Posted on • Originally published at otf-kit.dev

Treat prompt libraries as first-class deliverables for reliable AI code assistance

A working prompt library is the main event, not an appendix. The industry still treats prompts as some half-baked spitball left in a README, or, worse, a plaintext blob stapled to package.json and forgotten. That's a waste of compute and credibility. What powers reliable AI-assisted refactoring, onboarding, or even next-gen code IDEs is not the size of the model but the clarity and context supplied by the actual, shipped prompt set.

OTF kits turn this lesson into a repeatable deliverable: every paid template includes 20+ production-tested prompts tied to the real file structure, component API, and product-specific conventions. This is not a suggestion; it's structural.
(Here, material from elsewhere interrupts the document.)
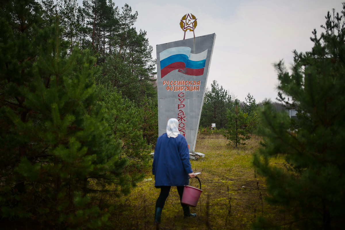 Im Wald nahe Chozimsk sammelt eine Frau Pilze und passiert den Grenzstein zwischen Belarus und Russland. Die Grenze existiert nur formell, ohne Grenzposten oder -kontrollen / Foto © Siarhei Hudzilin
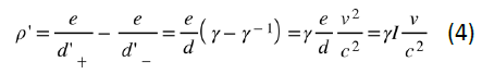 现在换到跟负电荷一起以-v速度沿着z方向运动的S′系。在S′系的观测者看来负电荷是静止的,而正电荷以速度v沿着z方向运动。跟伽利略变换不一样的是,在洛伦兹变换下,电荷之间的间距要发生变化,如图1所示,导致在S′系里正负电荷的密度是不一样的,从而在导线中产生净电荷密度。那么如何得到S和S′系中不同的电荷间距关系呢?这就要用到上面给出的洛伦兹变换。先来看S系的观测者是如何理解以-v速度匀速运动的负电荷间距的,在他看来,相邻两个负电荷之间的空间距离是由下面两个时空事件之间“时空距离”的空间分量来确定的。时空事件一:第N号负电荷在时刻t位于时空坐标(x,y,z1,t)处;时空事件二:相邻的第N-1号负电荷在同时刻t位于空间坐标(x,y,z2,t)处,于是在S系中测到负电荷之间的间距d-=z2-z1。这两次测量事件在运动的S′系中对应的时空坐标分别为(x′,y′,z′1,t′1)和(x′,y′,z′2,t′2)。这里要注意,狭义相对论的一个重要结论是所谓“同时性”是相对的,在S系中看起来是同时的两个测量事件在S′系中并不同时,因此t′1并不等于t′2,但在S′系中负电荷是静止的。因此,跟S系的观测者不同,为了确定相邻负电荷之间的间距,S′系的观测者并不需要两次测量是同时的;换句话说,他同样可以利用这两次时空事件的坐标得到S′参照系中的负电荷间距d'-=z'2-z'1。现在我们就可以通过上面列出的洛伦兹变换公式得到d′-=γd-,由于γ是一个总是大于1的因子,因此一个匀速运动的物体在其运动方向上的长度要缩短一个因子γ-1,这就是狭义相对论里非常著名的“尺缩”效应 (与距离的尺缩效应相对应,时间差在变换参考系后延长一个因子γ称为“钟慢”效应[3]) 。同样的分析也适用于正电荷的情况,唯一不同的是,对正电荷来说情况正好相反,在S系中静止,而在S′系中匀速运动,因此可以得到d′+=γ-1d+。比较一下上面得到的S′系中正负电荷间距d′+和d′-,可以明显看出它们并不相等,因此S′系中的导线是带电的,净电荷线密度为

The takeaway: a real prompt library is as important as your component library. Treat it like one.

Start with the pain: why blank chat boxes don't scale

The web is full of “integrations” that paste a blank chat input over your codebase and call it an “AI coding assistant.” The result: hallucinated function names, invented conventions, broken import paths. Here’s what happens in real life:

Dev: "Add a social login button."
AI (blank prompt): "Sure! Insert <SocialLoginButton> in your LoginScreen.js."
Dev: (There’s no such component. There's not even a LoginScreen.js.)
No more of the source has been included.